The problem of combining many astronomical observations to give the best possible estimate of one or several parameters had been discussed in the 18th century. The first publication of the method of least squares as a solution to this problem was inspired by a more practical problem, the analysis of French geodetic measures undertaken in order to fix the standard length of the metre. This was the basic measure of length in the new metric system, decreed by the French Revolution and defined as 1/40,000,000 of the longitudinal circumference of the Earth. In 1805 the French mathematician Adrien-Marie Legendre proposed to solve this problem by choosing values that minimize the sums of the squares of deviations of the observations from a point, line, or curve drawn through them.

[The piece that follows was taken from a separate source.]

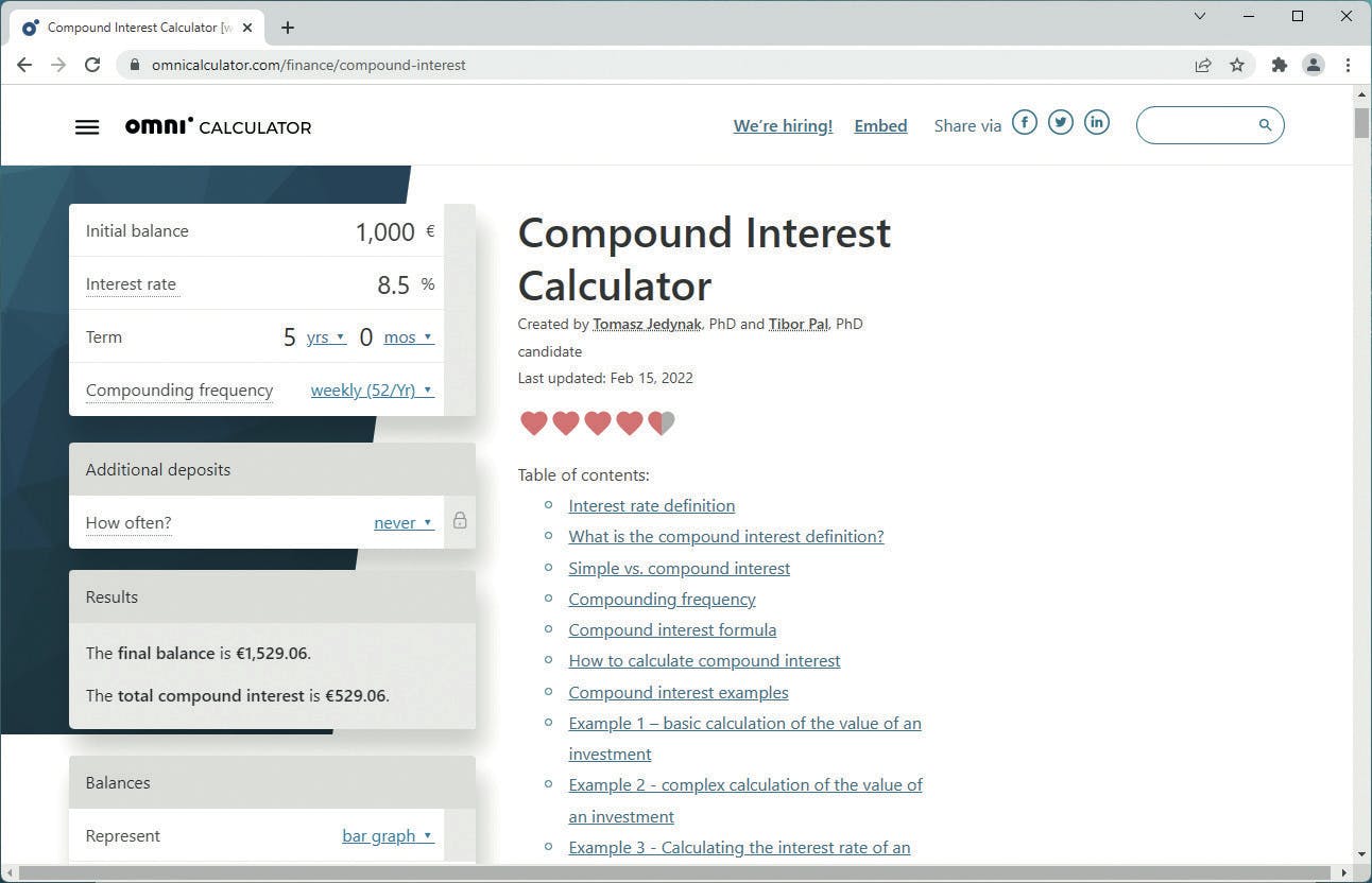 Over langere tijd wordt het verschil groter. Zo is na vijf jaar de oorspronkelijke 1000 dollar gegroeid tot 1.529 dollar. Je kunt het narekenen met de calculator van Celsius zelf of een algemene calculator zoals https://kwikr.nl/omnicalc. Je voert de inleg (bijvoorbeeld 1000 dollar) in, het rentepercentage (bijvoorbeeld 8,50 procent), de uitbetalingsfrequentie (wekelijks), de gewenste termijn en eventuele periodieke stortingen die je wilt gaan doen.

In the simplest case, where all observations were measures of a single point, this method was equivalent to taking an arithmetic mean.

Gauss soon announced that he had already been using least squares since 1795, a somewhat doubtful claim. After Legendre’s publication, Gauss became interested in the mathematics of least squares, and he showed in 1809 that the method gave the best possible estimate of a parameter if the errors of the measurements were assumed to follow the normal distribution. This distribution, whose importance for mathematical probability and statistics was decisive, was first shown by the French mathematician Abraham de Moivre in the 1730s to be the limit (as the number of events increases) for the binomial distribution (see the figure). In particular, this meant that a continuous function (the normal distribution) and the power of calculus could be substituted for a discrete function (the binomial distribution) and laborious numerical methods. Laplace used the normal distribution extensively as part of his strategy for applying probability to very large numbers of events. The most important problem of this kind in the 18th century involved estimating populations from smaller samples. Laplace also had an important role in reformulating the method of least squares as a problem of probabilities. For much of the 19th century, least squares was overwhelmingly the most important instance of statistics in its guise as a tool of estimation and the measurement of uncertainty. It had an important role in astronomy, geodesy, and related measurement disciplines, including even quantitative psychology. Later, about 1900, it provided a mathematical basis for a broader field of statistics that came to be used by a wide range of fields.

Statistical theories in the sciences

The role of probability and statistics in the sciences was not limited to estimation and measurement. Equally significant, and no less important for the formation of the mathematical field, were statistical theories of collective phenomena that bypassed the study of individuals. The social science bearing the name statistics was the prototype of this approach. Quetelet advanced its mathematical level by incorporating the normal distribution into it. He argued that human traits of every sort, from chest circumference (see the figure) and height to the distribution of propensities to marry or commit crimes, conformed to the astronomer’s error law. The kinetic theory of gases of Clausius, Maxwell, and the Austrian physicist Ludwig Boltzmann was also a statistical one. Here it was not the imprecision or uncertainty of scientific measurements but the motions of the molecules themselves to which statistical understandings and probabilistic mathematics were applied. Once again, the error law played a crucial role. The Maxwell-Boltzmann distribution law of molecular velocities, as it has come to be known, is a three-dimensional version of this same function. In importing it into physics, Maxwell drew both on astronomical error theory and on Quetelet’s social physics.